Le prix d'achat d'un titre est l'ancre la plus courante — et la plus coûteuse — que l'on rencontre en gestion de portefeuille. Vous avez acheté une action 100 euros. Elle vaut aujourd'hui 55 euros. Vous refusez de vendre "à perte". Vous attendez que le cours revienne à 100. Mais le marché ignore totalement votre prix d'achat. Il ne sait pas que vous avez payé 100 euros. Il valorise l'entreprise selon ses perspectives futures — pas selon votre historique personnel. Cette ancre n'existe que dans votre tête. Et pendant que vous attendez, votre capital est immobilisé, vos opportunités ailleurs se ferment.
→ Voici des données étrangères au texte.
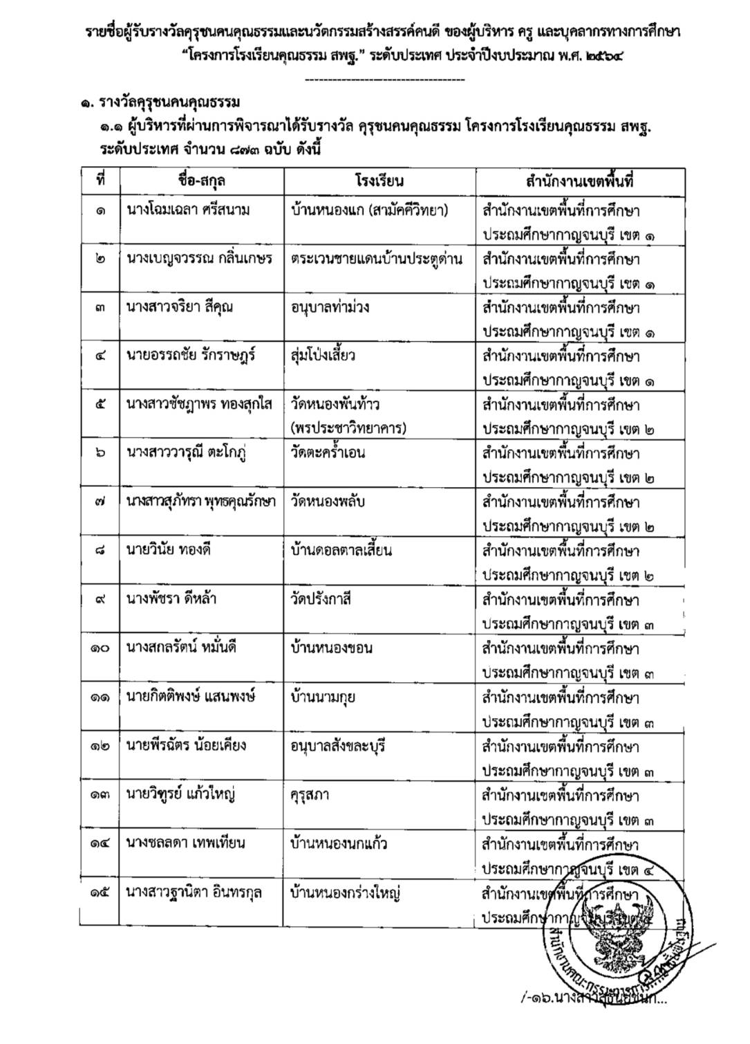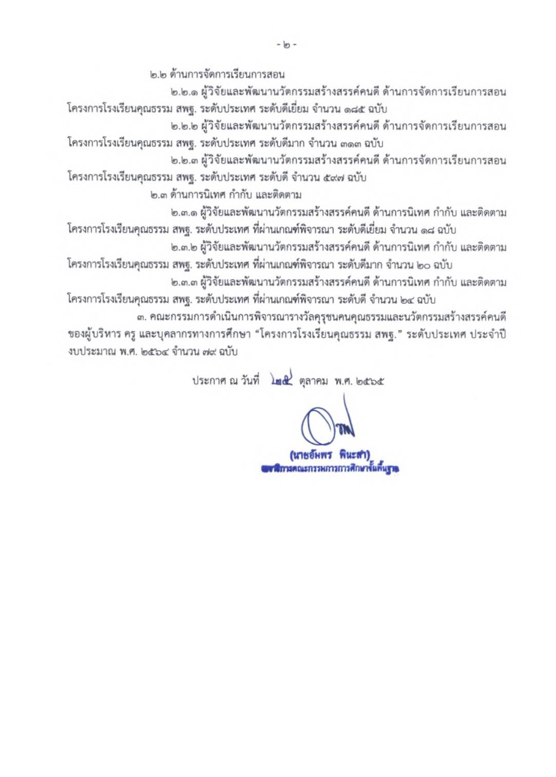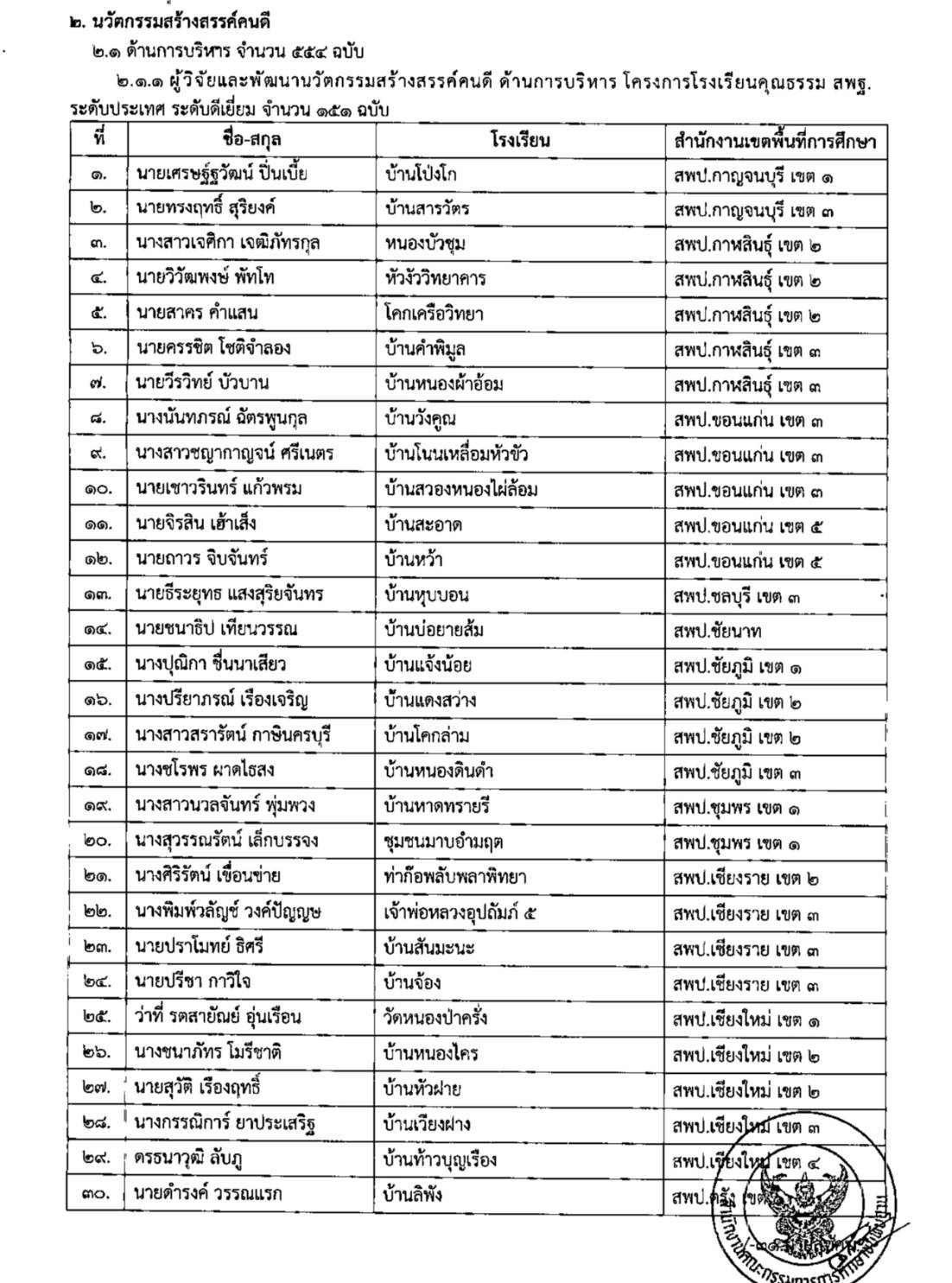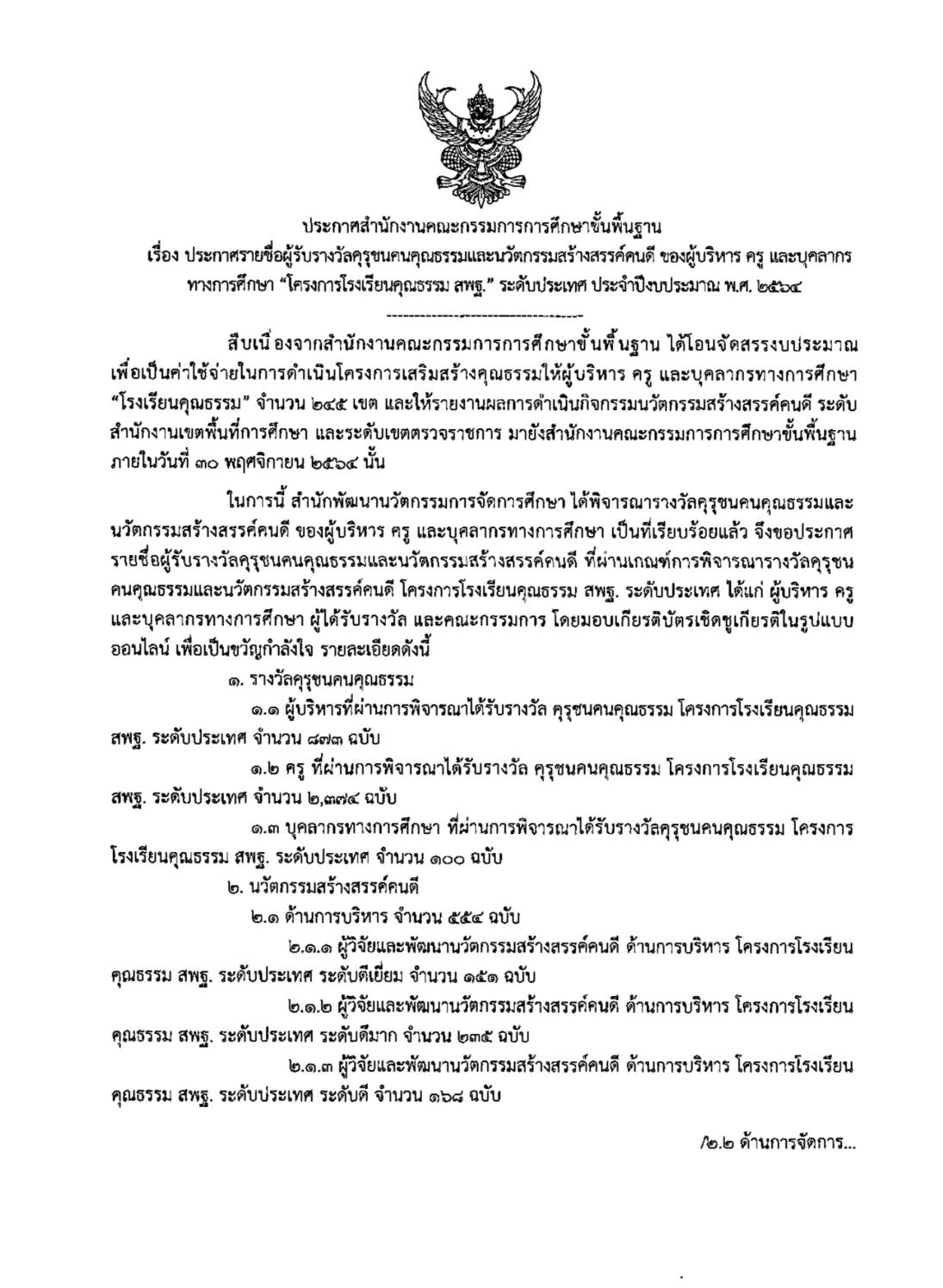 ดร.เกียรติศักดิ์ ชัยยาณะ ผอ.รร.บ้านไร่หลวง ต.นาพูน อ.วังชิ้น จ.แพร่ สังกัด สพป.แพร่ เขต 2 เผยว่า ผู้บริหารและคณะครูโรงเรียนบ้านไร่หลวง สพป.แพร่ เขต 2 ได้รับรางวัลคุรุชนคนคุณธรรมและนวัตกรรมสร้างสรรค์คนดี จำนวน 5 รายการ “โครงการโรงเรียนคุณธรรม สพฐ.” ระดับประเทศ ประจำปีงบประมาณ พ.ศ. 2564 ดังนี้

Les analystes financiers sont également exposés. Leurs objectifs de cours sont souvent ancrés aux cours actuels de Bourse — il est rare de voir un analyste émettre un objectif radicalement éloigné du cours du moment, même lorsque la situation fondamentale de l'entreprise le justifierait pleinement. Les révisions se font progressivement, par petites touches, là où la réalité appellerait parfois une rupture franche.

L'effondrement de Kodak — l'ancre d'une époque révolue

Kodak n'a pas été victime d'une crise soudaine. La direction savait dès les années 1970 que le numérique allait tout changer — l'ingénieur Steve Sasson avait inventé l'appareil photo numérique en interne en 1975. Mais le cours de Bourse, les marges colossales de la pellicule argentique, les habitudes des consommateurs — autant d'ancres qui ont paralysé la capacité de l'entreprise à se transformer. En restant prisonnière de ce qu'elle avait toujours été, Kodak a raté ce qu'elle aurait pu devenir. Elle a déposé le bilan en 2012. L'ancrage peut tuer une entreprise aussi sûrement qu'un mauvais bilan.

Sur les marchés actions, ce biais explique aussi pourquoi les investisseurs individuels ont tendance à conserver trop longtemps leurs titres perdants et à vendre trop tôt leurs gagnants — l'effet de disposition, étroitement lié à l'ancrage. Le prix d'achat devient le mètre-étalon de toute décision, là où seules les perspectives futures devraient compter.